ちなみに最後「仕送りが途絶えて飢えに苦しむ」とあるけど、中国の死生観では、死者が食べ物を得る手段は子孫による祭祀の供物だけ。しかも「正当な祭祀者」が「正当な祭祀の手順で備えたもの」しか受け取れない面倒な仕組みになっている。
正当な祭祀者とは息子であり、娘ではいけない。さらに中国には養子の風習もない。だから旧時の中国では、「家業を継ぐ」という現世的な目的にとどまらず「死後に備える」ためにも男子を設ける必要があったのである。
今でも中国では独身であることに対して日本より風当たりが強いそうだが、こうした過去の営みの積み重ねで、子孫を残さないとヤバイ!みたいな心理が深層を流れているんだろうと思う。(当人には迷惑だろうが興味深い事象ではあると思う)
なお子孫のいない霊は祭られず「孤魂野鬼」となって悪事をなす。彼らを救うためにお施餓鬼の法要をする。それを大々的にやるのが8月の中元節(お盆)で、この間は道端に食べ物を備える。
しかし、豪邸に住んで運転手付きの車に乗って世界旅行までできて、死後の世界は薔薇色だと思っても、そこには格差があるんだな。何とも不条理で辛い話だ。
以上。
いやー、こういうことを知りたかったんだ!!
中国語で検索とかもしてたんだけど、いまいち内容がとっ散らかってて全体像が見えるような記事に出会えなくて。やっぱり何かを系統立てて知りたい時は本が一番だと思う。クオリティも保証されてるし。

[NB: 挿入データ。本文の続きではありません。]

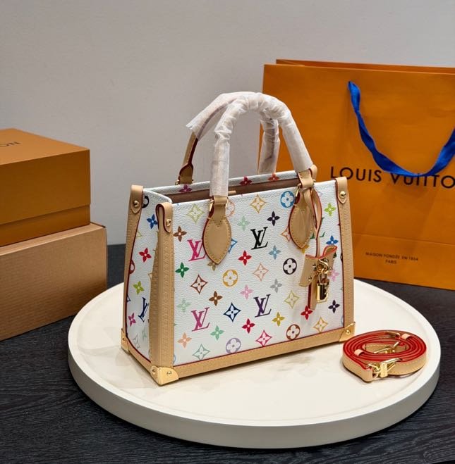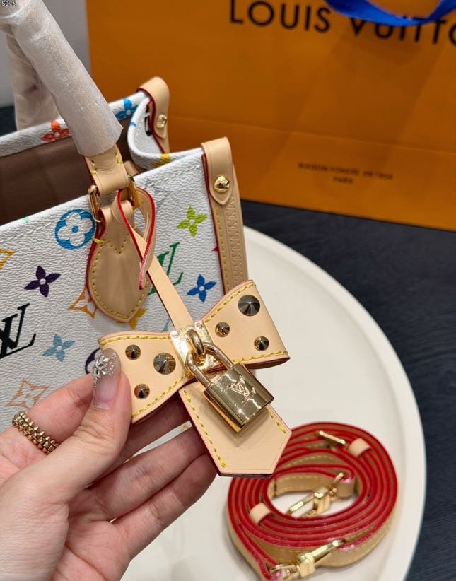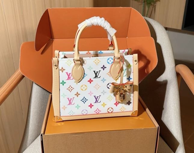 Updated for the 130th anniversary of the Louis Vuitton Monogram, this OnTheGo PM is a vibrant option for city commutes and beyond. The Multicolor design features the House’s signature emblematic pattern on canvas and is trimmed with contrasting cowhide, which offsets the gold-toned trunk corners and signature padlock. Inside, it is stamped with an exclusive label to honor this celebratory time in Louis Vuitton history.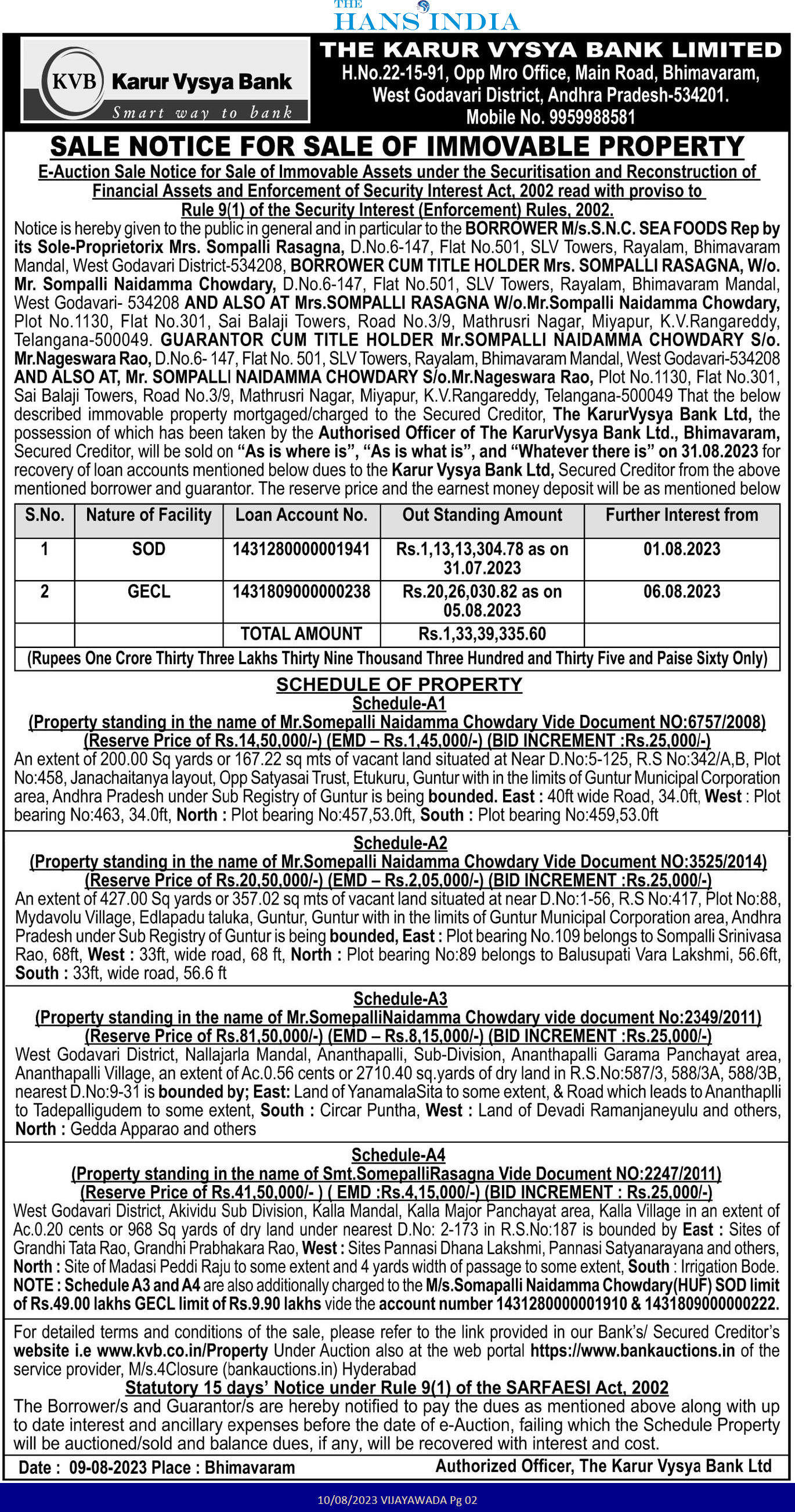 | Schedule of Property: | Schedule A4 - West Godavari District, Akividu Sub Division, Kalla Mandal, Kalla Major Panchayat area, Kalla Village in An extent of Ac.0.20 cents or 968 Sq yards of dry land under nearest D.No: 2-173 in R.S.No:18 is Bounded by East : Sites of Grandhi Tata Rao, Grandhi Prabhakara Rao, West: Sites Pannasi Dhana Lakshmi, Pannasi Satyanarayana and others, North : Site of Madasi Peddi Raju to some extent and 4 yards width of passage to some extent, South : Irrigation Bode. NOTE: Schedule A3 and A4 are also additionally charged to the M/s. Somapalli Naidamma Chowdary(HUF) SOD limit of Rs.49.00 lakhs GECL limit of Rs.9.90 lakhs vide the account number 1431280000001910 1431809000000222 |

紅楼夢ドラマの葬儀回も、もう一度見てみたら格段に理解が深まったのでいい本に出会えてよかった。
ところで、1か月前くらいに「今日のはてなブログ」でこちらの記事を取り上げていただきました。
xiaoyaoyou.hatenadiary.jp
中国の独特な死生観や紙扎の文化を知っていただく機会が出来たのは本当に嬉しいですね。